*** Begin section ***

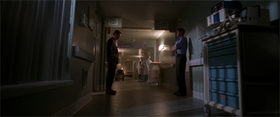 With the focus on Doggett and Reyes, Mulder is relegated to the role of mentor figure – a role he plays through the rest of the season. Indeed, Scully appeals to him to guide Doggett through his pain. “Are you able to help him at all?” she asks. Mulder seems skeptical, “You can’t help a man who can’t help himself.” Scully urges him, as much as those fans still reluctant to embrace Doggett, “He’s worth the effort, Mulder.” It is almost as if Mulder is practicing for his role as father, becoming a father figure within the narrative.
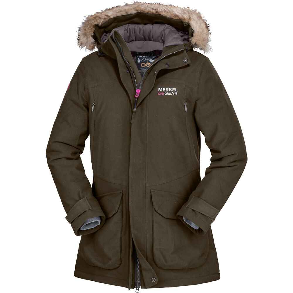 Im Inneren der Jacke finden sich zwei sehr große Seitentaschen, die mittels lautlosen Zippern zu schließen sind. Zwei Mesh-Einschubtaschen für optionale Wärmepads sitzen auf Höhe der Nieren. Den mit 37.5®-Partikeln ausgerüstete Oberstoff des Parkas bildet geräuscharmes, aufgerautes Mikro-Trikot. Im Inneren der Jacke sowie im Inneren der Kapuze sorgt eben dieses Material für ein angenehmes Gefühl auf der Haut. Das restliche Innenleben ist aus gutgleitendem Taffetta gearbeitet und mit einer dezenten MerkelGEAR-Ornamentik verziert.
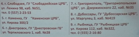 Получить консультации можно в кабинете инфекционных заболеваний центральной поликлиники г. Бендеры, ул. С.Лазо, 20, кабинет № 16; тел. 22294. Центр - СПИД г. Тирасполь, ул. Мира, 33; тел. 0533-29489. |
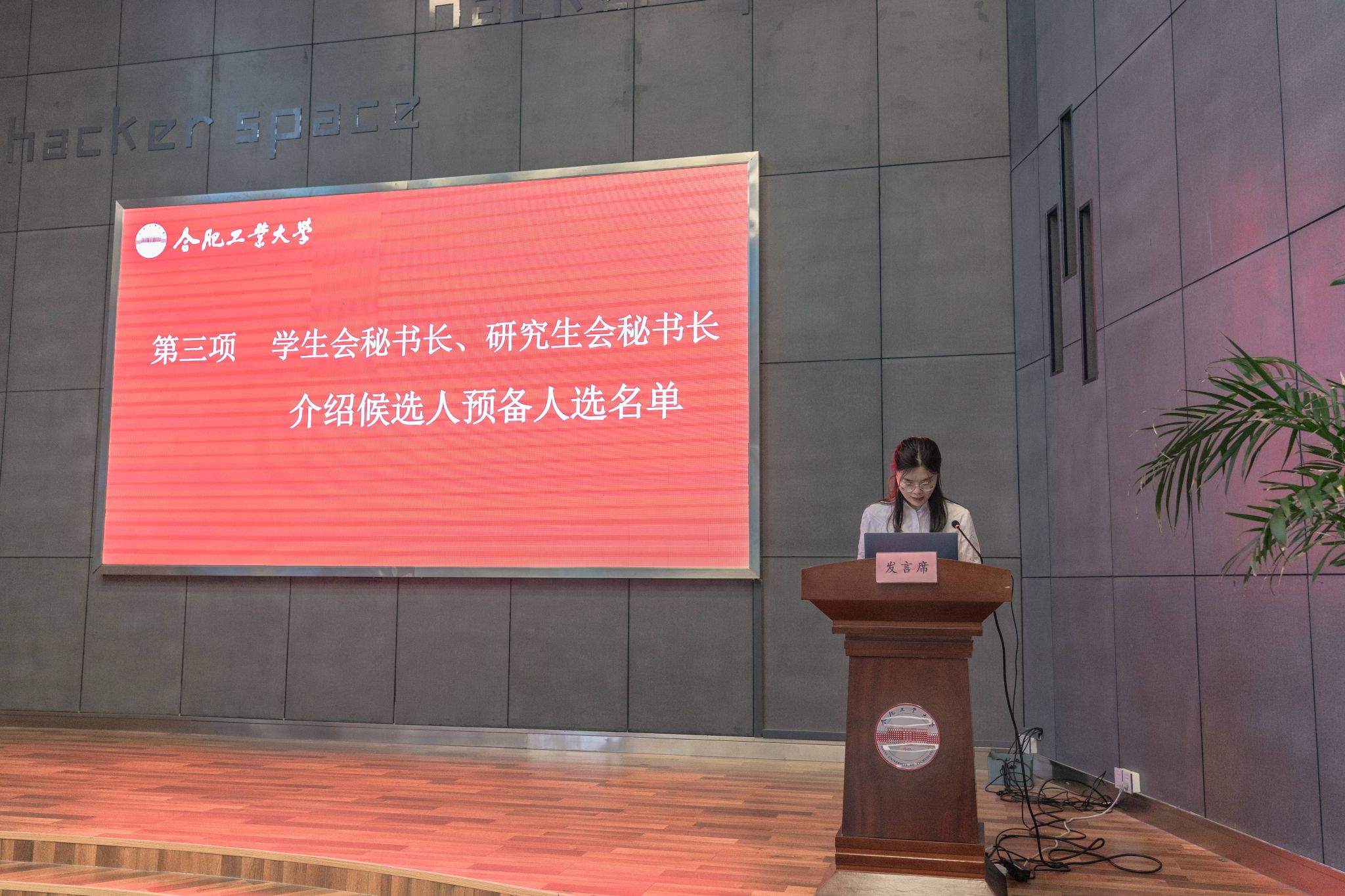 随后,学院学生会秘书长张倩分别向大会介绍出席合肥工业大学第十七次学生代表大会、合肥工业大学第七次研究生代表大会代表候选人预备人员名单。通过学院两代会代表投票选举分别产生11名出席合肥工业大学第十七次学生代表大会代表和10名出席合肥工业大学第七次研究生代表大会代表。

*** End section ***
*** Begin section ***

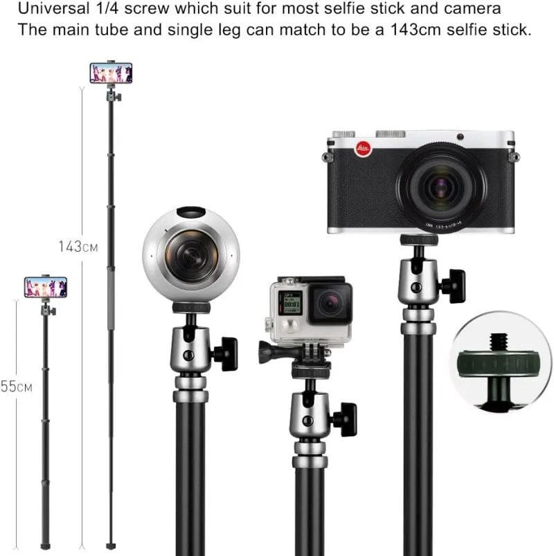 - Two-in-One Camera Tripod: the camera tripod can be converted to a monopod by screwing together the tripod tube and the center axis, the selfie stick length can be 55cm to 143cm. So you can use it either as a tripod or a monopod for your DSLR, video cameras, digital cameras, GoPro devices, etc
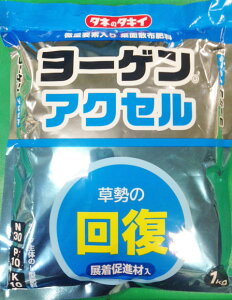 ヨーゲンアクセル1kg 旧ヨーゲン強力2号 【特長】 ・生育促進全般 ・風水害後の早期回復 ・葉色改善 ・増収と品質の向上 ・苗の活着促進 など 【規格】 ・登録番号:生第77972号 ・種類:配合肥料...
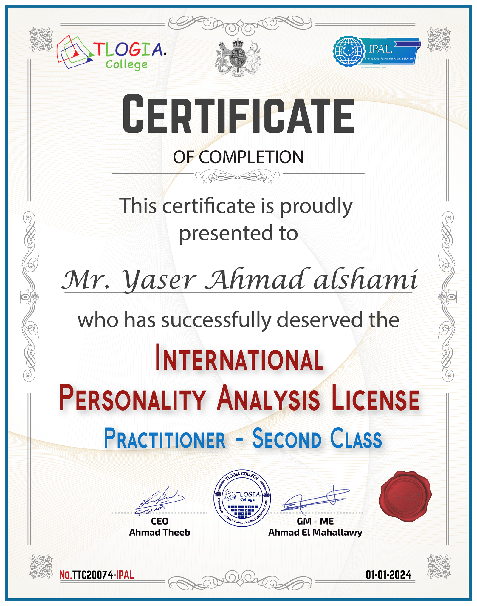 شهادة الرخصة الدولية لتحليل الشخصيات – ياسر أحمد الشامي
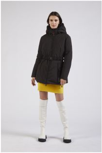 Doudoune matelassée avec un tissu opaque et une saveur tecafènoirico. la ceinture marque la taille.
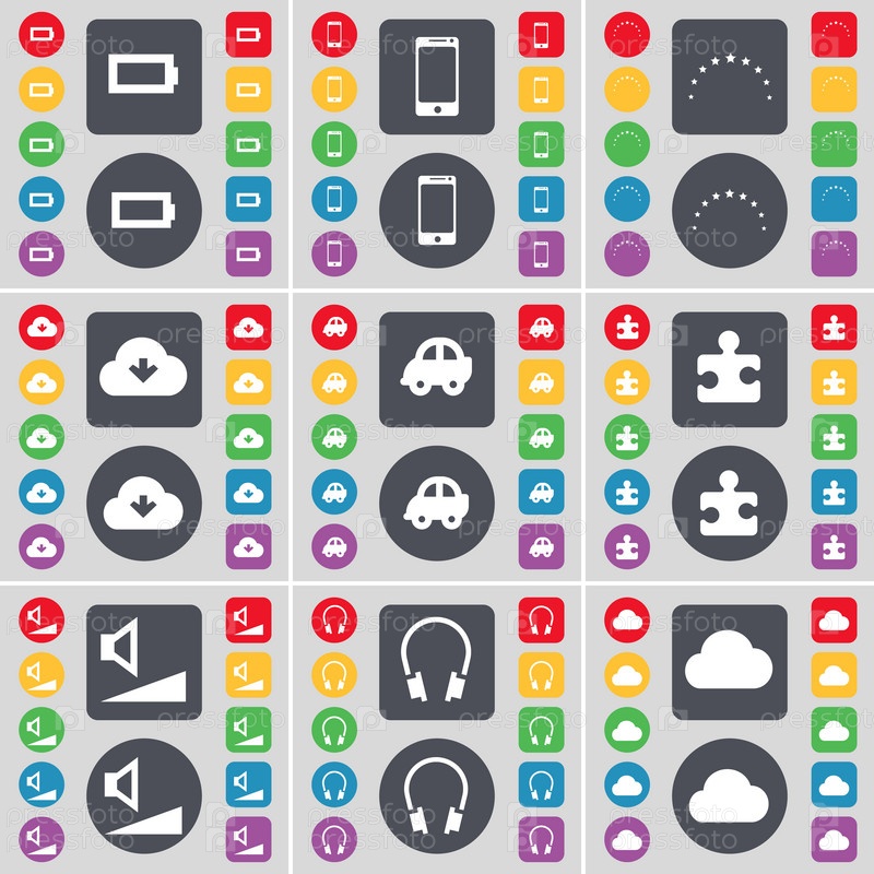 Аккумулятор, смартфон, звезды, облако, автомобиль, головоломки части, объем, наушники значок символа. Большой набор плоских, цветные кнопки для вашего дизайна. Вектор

*** End section ***

→ EXERCISE INSTRUCTIONS
Respond with the exact lines above running from the one containing "With the focus" to the one containing "随后,学院学生会秘书长张倩分", both ends kept and no pictures included.

→ OUTPUT BELOW
 With the focus on Doggett and Reyes, Mulder is relegated to the role of mentor figure – a role he plays through the rest of the season. Indeed, Scully appeals to him to guide Doggett through his pain. “Are you able to help him at all?” she asks. Mulder seems skeptical, “You can’t help a man who can’t help himself.” Scully urges him, as much as those fans still reluctant to embrace Doggett, “He’s worth the effort, Mulder.” It is almost as if Mulder is practicing for his role as father, becoming a father figure within the narrative.
 Im Inneren der Jacke finden sich zwei sehr große Seitentaschen, die mittels lautlosen Zippern zu schließen sind. Zwei Mesh-Einschubtaschen für optionale Wärmepads sitzen auf Höhe der Nieren. Den mit 37.5®-Partikeln ausgerüstete Oberstoff des Parkas bildet geräuscharmes, aufgerautes Mikro-Trikot. Im Inneren der Jacke sowie im Inneren der Kapuze sorgt eben dieses Material für ein angenehmes Gefühl auf der Haut. Das restliche Innenleben ist aus gutgleitendem Taffetta gearbeitet und mit einer dezenten MerkelGEAR-Ornamentik verziert.
 Получить консультации можно в кабинете инфекционных заболеваний центральной поликлиники г. Бендеры, ул. С.Лазо, 20, кабинет № 16; тел. 22294. Центр - СПИД г. Тирасполь, ул. Мира, 33; тел. 0533-29489. |
 随后,学院学生会秘书长张倩分别向大会介绍出席合肥工业大学第十七次学生代表大会、合肥工业大学第七次研究生代表大会代表候选人预备人员名单。通过学院两代会代表投票选举分别产生11名出席合肥工业大学第十七次学生代表大会代表和10名出席合肥工业大学第七次研究生代表大会代表。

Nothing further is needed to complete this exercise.